[parsec-users] Porting Bodytrack on GP-GPUs -- Problems and Issues

aftab hussain aftab.hussain at seecs.edu.pk
Thu Aug 11 01:51:10 EDT 2011


Hi Matt,
             Thanks for the link. Sorry for the confusion about the memcpy
on Host. But its right though that when I do the memcpy on Host from CPU
data structure to GPU data structure, this has a performance bottle neck. I
think the following code would help understand it.

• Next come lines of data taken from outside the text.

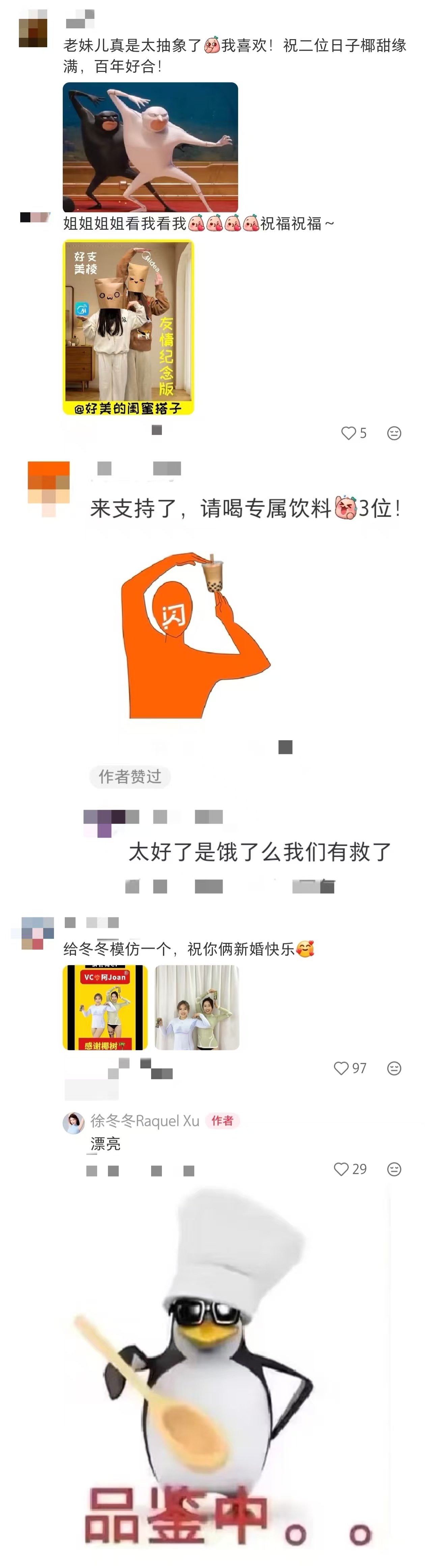 徐冬冬尹子维 快被玩坏了 属实被徐冬冬尹子维评论区的网友整笑了,俩人被玩坏了都。早生贵子系列喜庆值拉满,还有山东挖掘机、江西米粉等地域P图,整活花样多到看不过来!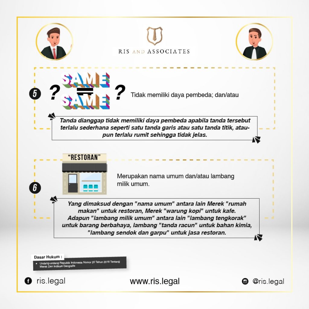 - Tidak memiliki daya pembeda; dan/atau [Tanda dianggap tidak memiliki daya pembeda apabila tanda tersebut terlalu sederhana seperti satu tanda garis atau satu tanda titik, ataupun terlalu rumit sehingga tidak jelas.]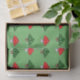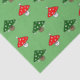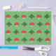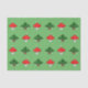Ein Muster festlicher Pilze aus Cartoon. Eine hat eine Kappe wie ein Weihnachtsbaum und die andere hat eine Kappe wie eine Weihnachtsmannmütze. Der Hintergrund ist blassgrün.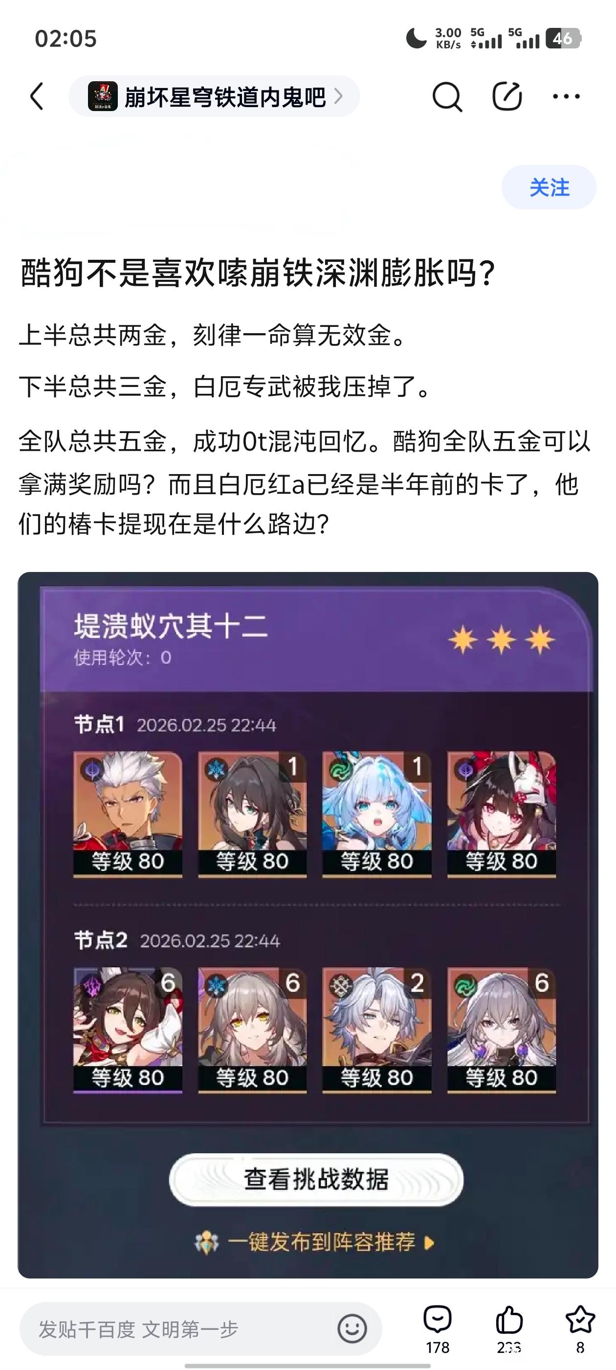 全队总共五金,成功0t混沌回忆。酷狗全队五金可以拿满奖励吗?而且白厄红a已经是半年前的卡了,他们的椿卡提现在是什么路边?
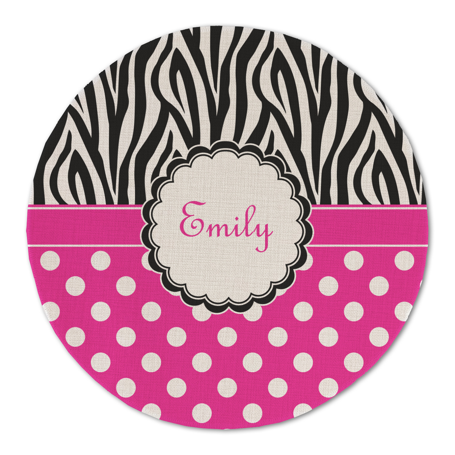 A white scalloped circle label edged in black highlights the personalization of your choice. A wide hot pink band trimmed in white completes the design.

for (i=0; i < no_particles; i++){
  cu_particles[cnt] = sin(mNewParticles[i].at(6)); cnt++;
cu_particles[cnt] = cos(mNewParticles[i].at(6)); cnt++;
cu_particles[cnt] = sin(mNewParticles[i].at(7)); cnt++;
cu_particles[cnt] = cos(mNewParticles[i].at(7)); cnt++;
cu_particles[cnt] = sin(mNewParticles[i].at(8)); cnt++;
cu_particles[cnt] = cos(mNewParticles[i].at(8)); cnt++;
 }

The above mentioned code is used for copying one limb. I know that there are
cache issues with the above code because the 6th, 7th and 8th elements are
taken from successive mNewParticles vectors, not the same mNewParticles
vector. The same procedure is repeated for all the limbs (10 limbs in the
bodytrack code). But I don't have any other idea of doing this except use
pthreads for the above calculations and try to avoid the cache issues
somehow. I have not tried pthreads idea though but I am planning on doing it
if I don't get any success with the sin/cos precision issue on GPU.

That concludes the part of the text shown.